··· Data provided
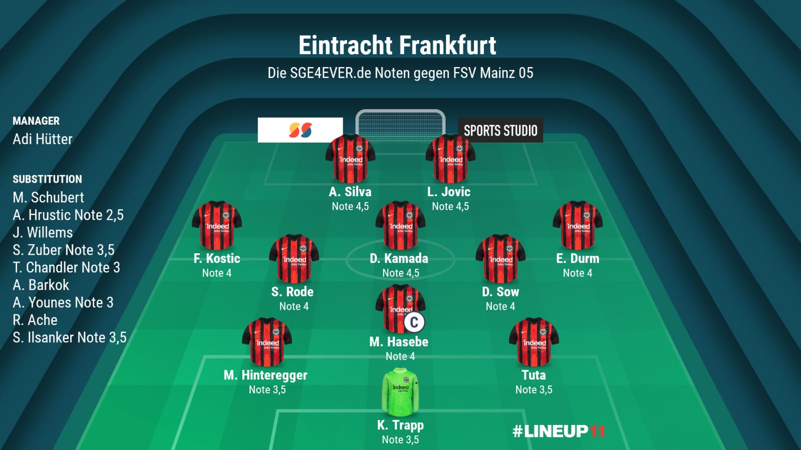 Nach der 1:3-Niederlage in Leverkusen tauschte Adi Hütter sein Team auf drei Stellen aus. Tuta, Sebastian Rode und Luka Jovic ersetzten Stefan Ilsanker, Aymen Barkok (beide Bank) und Evan N’Dicka (Gelbsperre). Ragnar Ache feierte eine Blitzgenesung und nahm erstmals wieder auf der Bank Platz.
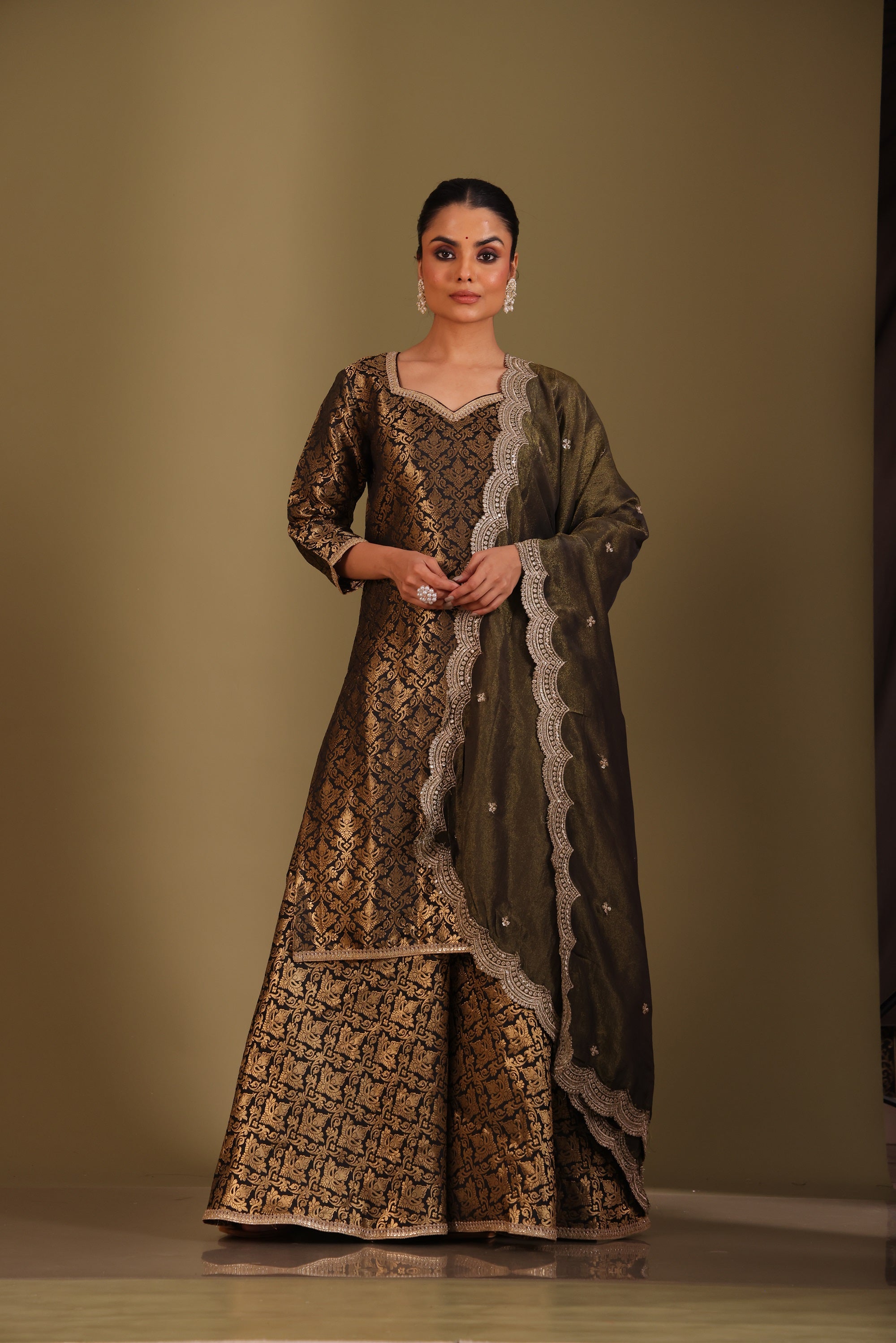 Noorika ivory brocade blouse with sage silk lehenga and dupatta- set of 3
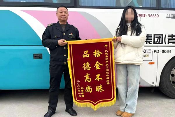 鲁网1月30日讯(记者 王姝深 实习记者 刘悦 通讯员 郭文佳)近日,市民赵女士在乘坐青平班线时不慎将钱包遗落在车上,包内有现金、银行卡等重要物品。该班线驾驶员耿希岩在收车检查时发现钱包并第一时间上交,最终物归原主。赵女士专程送来锦旗致谢,耿师傅谦逊地表示:“保障乘客的人身和财产安全,本来就是驾驶员的本职所在。”
······
For your answer, write out the data exactly and drop every picture.

**Answer**
 Nach der 1:3-Niederlage in Leverkusen tauschte Adi Hütter sein Team auf drei Stellen aus. Tuta, Sebastian Rode und Luka Jovic ersetzten Stefan Ilsanker, Aymen Barkok (beide Bank) und Evan N’Dicka (Gelbsperre). Ragnar Ache feierte eine Blitzgenesung und nahm erstmals wieder auf der Bank Platz.
 Noorika ivory brocade blouse with sage silk lehenga and dupatta- set of 3
 鲁网1月30日讯(记者 王姝深 实习记者 刘悦 通讯员 郭文佳)近日,市民赵女士在乘坐青平班线时不慎将钱包遗落在车上,包内有现金、银行卡等重要物品。该班线驾驶员耿希岩在收车检查时发现钱包并第一时间上交,最终物归原主。赵女士专程送来锦旗致谢,耿师傅谦逊地表示:“保障乘客的人身和财产安全,本来就是驾驶员的本职所在。”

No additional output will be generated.